Santa ( racconto)

La domenica attendevo il suono delle campane con ansia, già pronta, calzettoni di pizzo bianchi e scarpe lucide, e mi precipitavo per giungere in tempo fino al primo banco, ansiosa di assistere alla cerimonia mentre restavo in adorazione delle statue e dell’altare per lungo tempo, tempo rubato ai giochi. Ma avevo deciso che dovevo diventare santa e per farlo dovevo pregare e restare in chiesa il più possibile.

   Volevo diventare santa e avere una statua in chiesa accanto a Santa Teresa del Bambin Gesù e Santa Rita da Cascia.
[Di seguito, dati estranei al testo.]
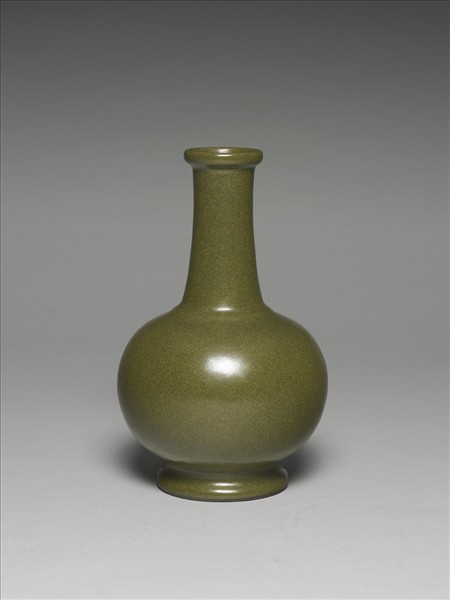 直口,口沿凸起一道唇邊,豎邊,長頸,圓碩腹,矮圈足略外撇。全器施茶葉末釉,呈橄欖綠色,釉面光滑。圈足底緣呈褐色,底施茶葉末釉,模印「大清乾隆年製」六字三行篆書款。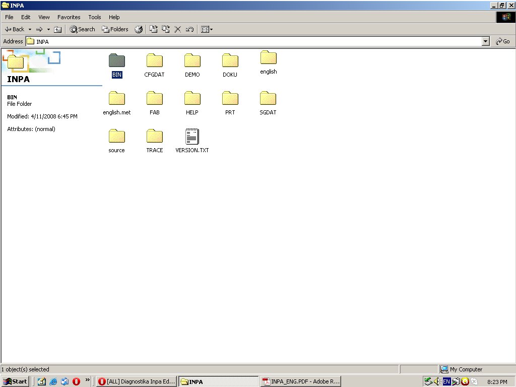 Galvojau bus aisku :) Cia paskutinis tavo variantas. Paemiau vokiska INPA, bet ji aisku versta i angliska. Pagrindinis meniu angliskas, prie M52 variklio prisijungus dauk maz viskas angliskai isversta. O prie M47 dde3 (E46) variklio prisijungus viskas vokiskai. Tai tame ir klausimas, ar pas visus taip? ar kazkokia versija/failas padarytu ir si varikli su anglisku vertimu.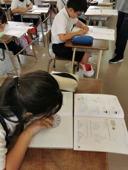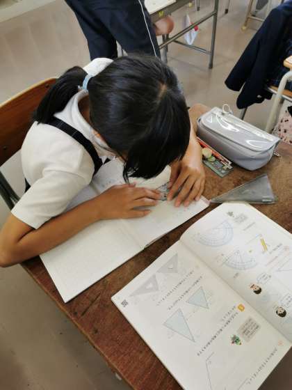 分度器で調べにくい角度をどう工夫するかを考えています。定規を使うなどしている子もいれば、なんとか測ろうと工夫の仕方を考えている子もいました。
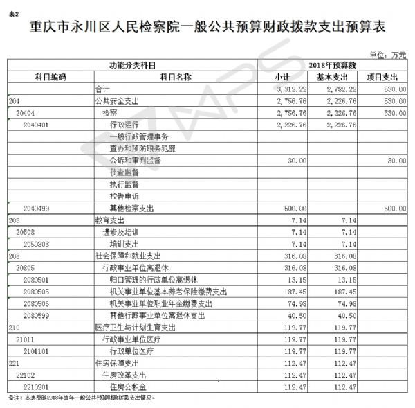 2018年一般公共预算财政拨款收入3312.22万元,一般公共预算财政拨款支出3312.22万元,比2017年减少76.45万元。其中:基本支出2782.22万元,比2017年增加95.5万元,主要原因是人员政策性增资和支出结构调整,主要用于保障在职人员工资福利及社会保险缴费,离休人员离休费及生活补助,保障部门正常运转的办公费及印刷费、邮电费等各项商品服务支出;项目支出530万元,比2017年减少171.95万元,主要原因是支出结构调整,主要用于公诉和审判监督、侦查监督、执行监督、控告申诉等重点工作。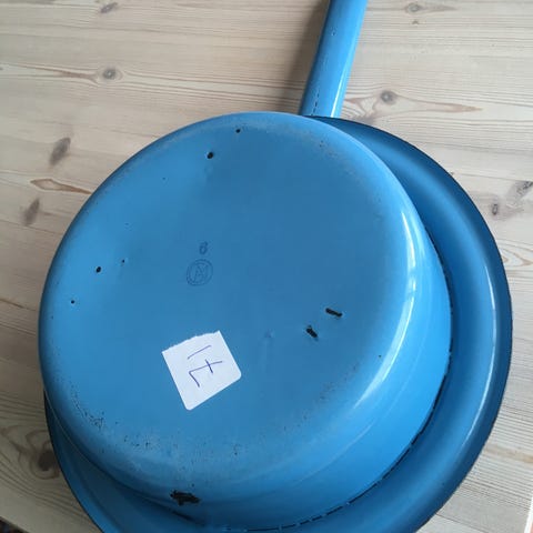 Kasserolle med ring. Knap 25 cm i diameter 12,5 cm høj. Stemplet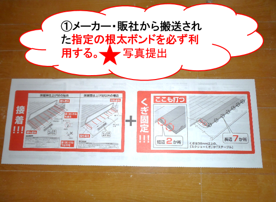 ①使用する根太ボンド合板フローリングを貼る場合、メーカー・販社から搬送された指定の根太ボンドを必ず利用する。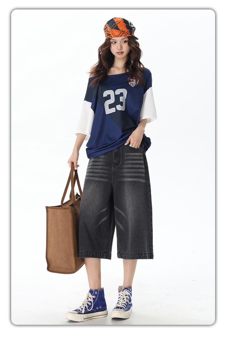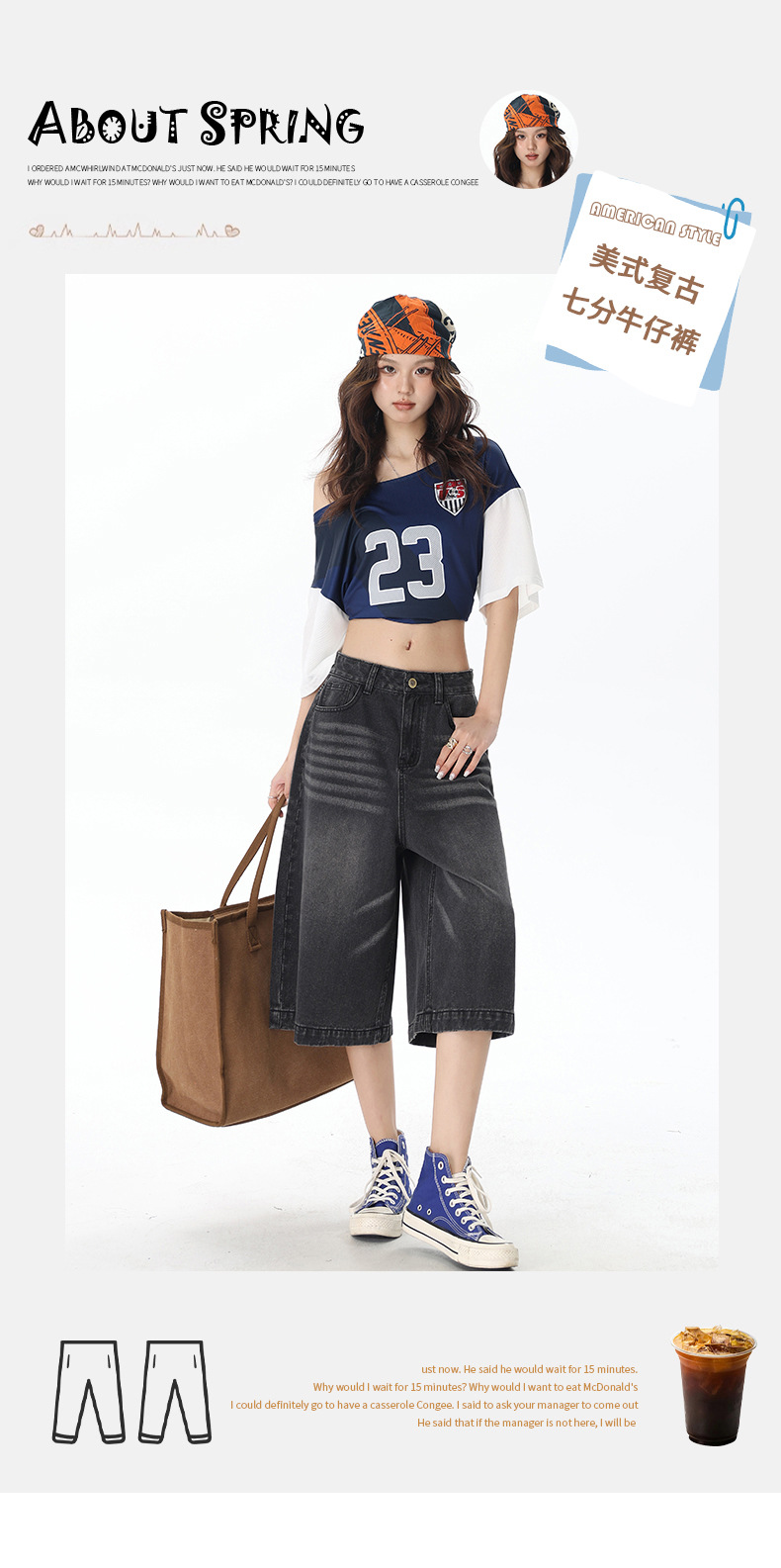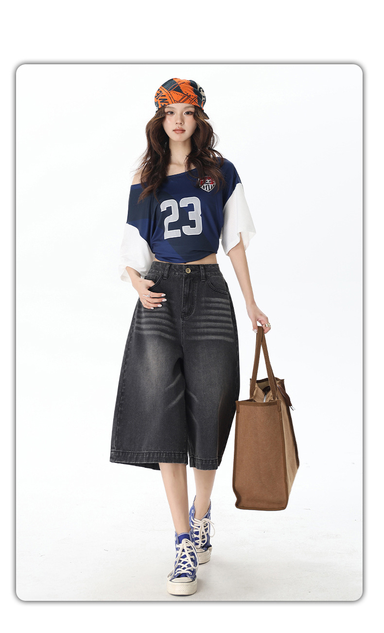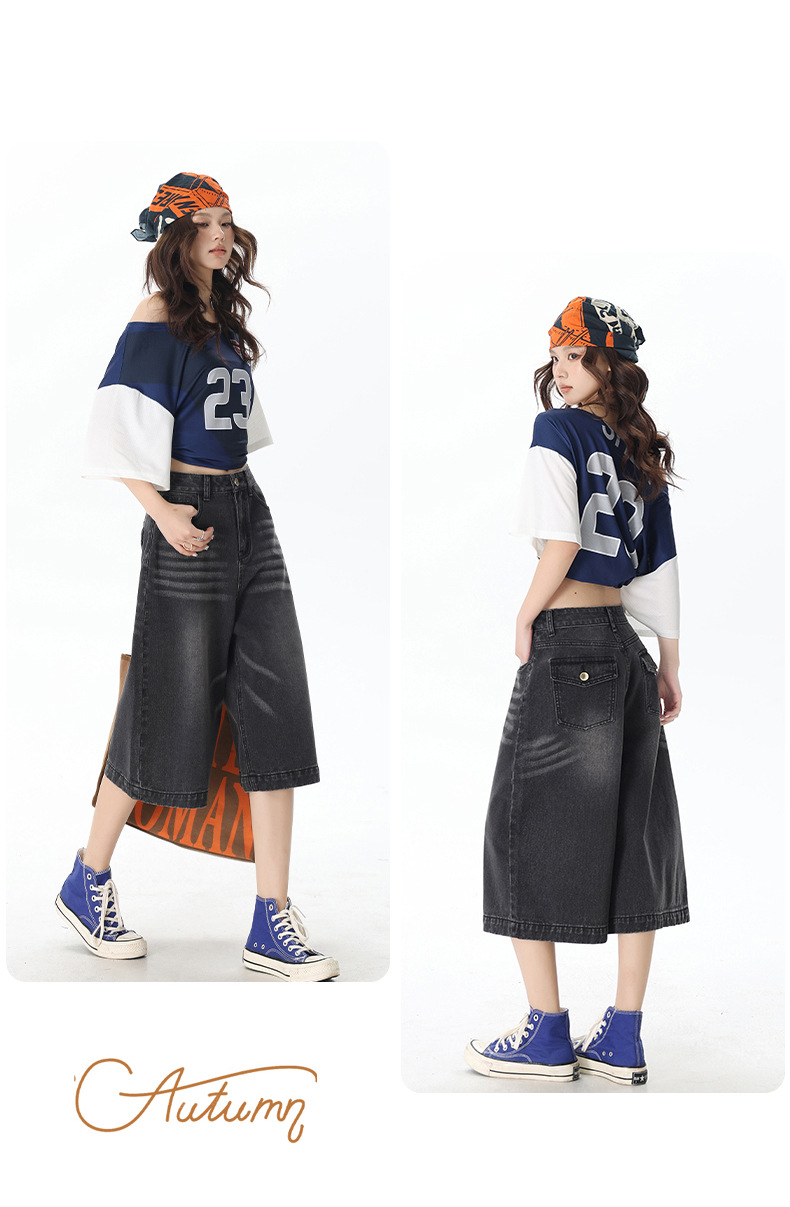 2025 년 새로운 도착 봄과 여름 여성 아메리칸 스타일 레트로 하이 웨이스트 슬리밍 루즈 반바지스토어 가기

Mi chiedevo come avrebbero risolto il problema del doppio nome, due sante Rita in una chiesa erano troppe.

     Restavo ore inginocchiata a rimirare le fattezze di gesso di Santa Teresa. Ogni volta mi chiedevo perché lasciavano la santa che dava il nome alla Parrocchia con la veste sbrecciata e non passavano una mano di vernice per coprire il biancore del gesso che si intravedeva fra le pieghe della tonaca. 

La chiesa era recente, ricostruita dopo i bombardamenti, con pitture che fingevano marmi e stucchi, inesistenti nella realtà. Il soffitto a cassettoni era disegnato con gigli oro su fondo blu e quadrati arcobaleno che si rincorrevano senza soluzione di continuità con un effetto finale di luogo festoso e allegro.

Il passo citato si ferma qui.